The standard solution is to reduce the amount of per-vertex data by only specifying the 4 indices that have the highest weights (and rescaling the weights to add up to 1.0). That way, you can pass 4 weights as a vec4 and 4 indices as a uvec4. Also, you should pass the weights as normalized shorts (or bytes if you can accept the quality loss) and indices as bytes if at all possible, to further reduce the per-vertex data storage.
Most real-time rendering systems are happy with these limitations.
If that's not acceptable for your needs, then you're going to have to use multiple attributes to send the data. Each attribute can only have 4 components. And while attributes can be arrayed, arraying them like your C struct would waste a bunch of attribute locations, since each array element is considered a separate location.
So you need to send values in multiples of 4. Instead of sending 10 weights/indices, send 12, grouped into 4-element groupings. So the GLSL would look like this:
layout(location = X) uvec4 indices[3]; //Stores 12 indices, consumes 3 locations.
layout(location = X + 3) vec4 weights[3]; //Stores 12 weights, consumes 3 locations.
The C data structure ought to also store 12 elements for each array.
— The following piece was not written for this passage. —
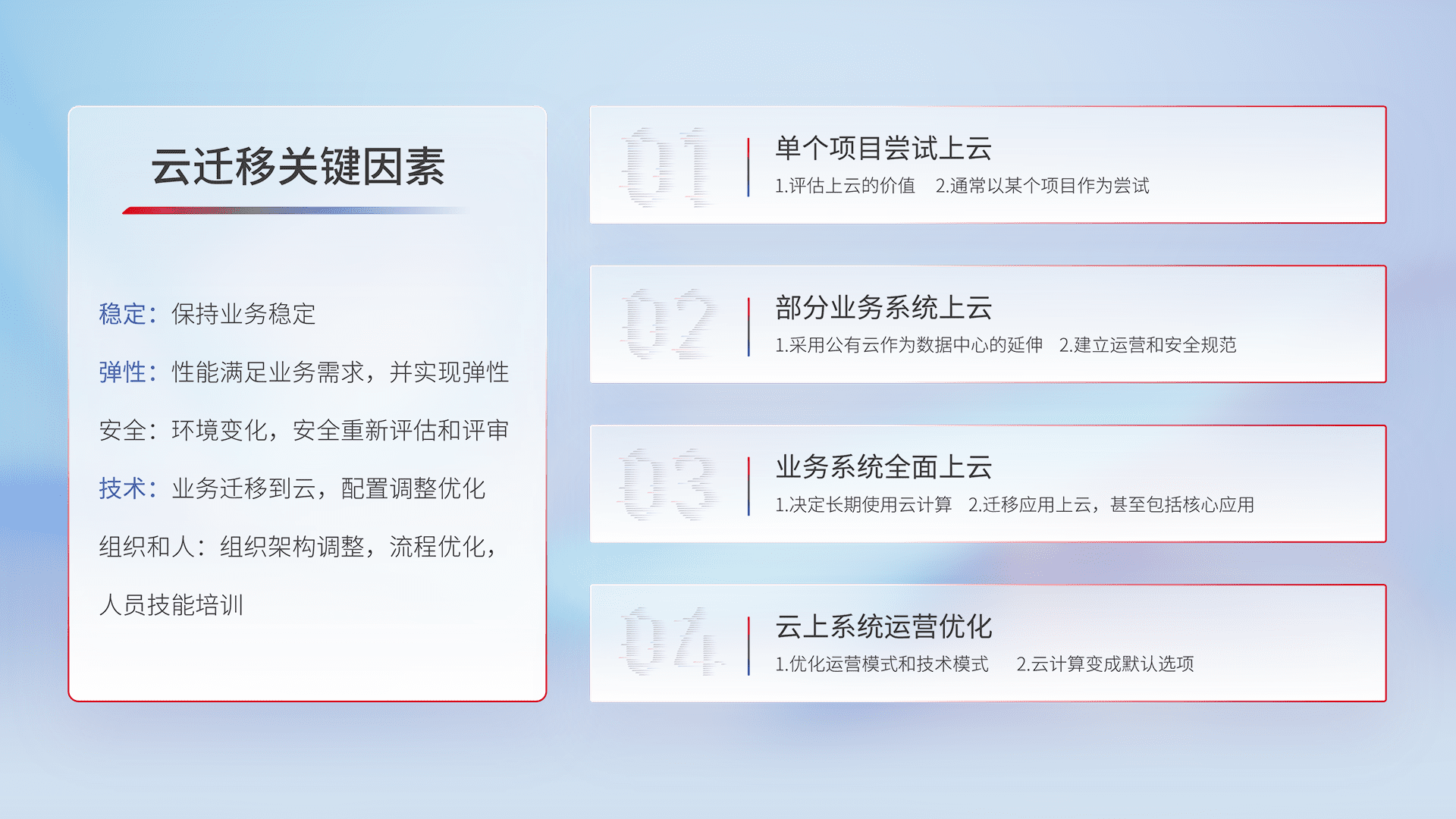 结合实际业务,,从规划设计、、、云平台选型、、、云原生改造、、、、数据迁移、、集成交付,,,,迁移全过程为客户识别最佳上云路径,,,做好风险识别管理,,,设计网络架构、、身份权限、、、、安全审计合规、、操作审计、、日志审计、、、、监控告警策略、、、多站点容灾设计等,,对云上基础设施进行整体规划,,,,提升IT治理水平,,,以满足弹性、、高可用、、高性能的需求。。

To specify them in the vertex format, you would do this (where X is the location given above):
glVertexAttribIPointer(3, 4, GL_INT, sizeof(Vertex), (void*)(offsetof(Vertex, groups) + 0));
glVertexAttribIPointer(4, 4, GL_INT, sizeof(Vertex), (void*)(offsetof(Vertex, groups) + 16));
glVertexAttribIPointer(5, 4, GL_INT, sizeof(Vertex), (void*)(offsetof(Vertex, groups) + 32));
glVertexAttribPointer(6, 4, GL_FLOAT, GL_FALSE, sizeof(Vertex), (void*)(offsetof(Vertex, weights) + 0));
glVertexAttribPointer(7, 4, GL_FLOAT, GL_FALSE, sizeof(Vertex), (void*)(offsetof(Vertex, weights) + 16));
glVertexAttribPointer(8, 4, GL_FLOAT, GL_FALSE, sizeof(Vertex), (void*)(offsetof(Vertex, weights) + 32));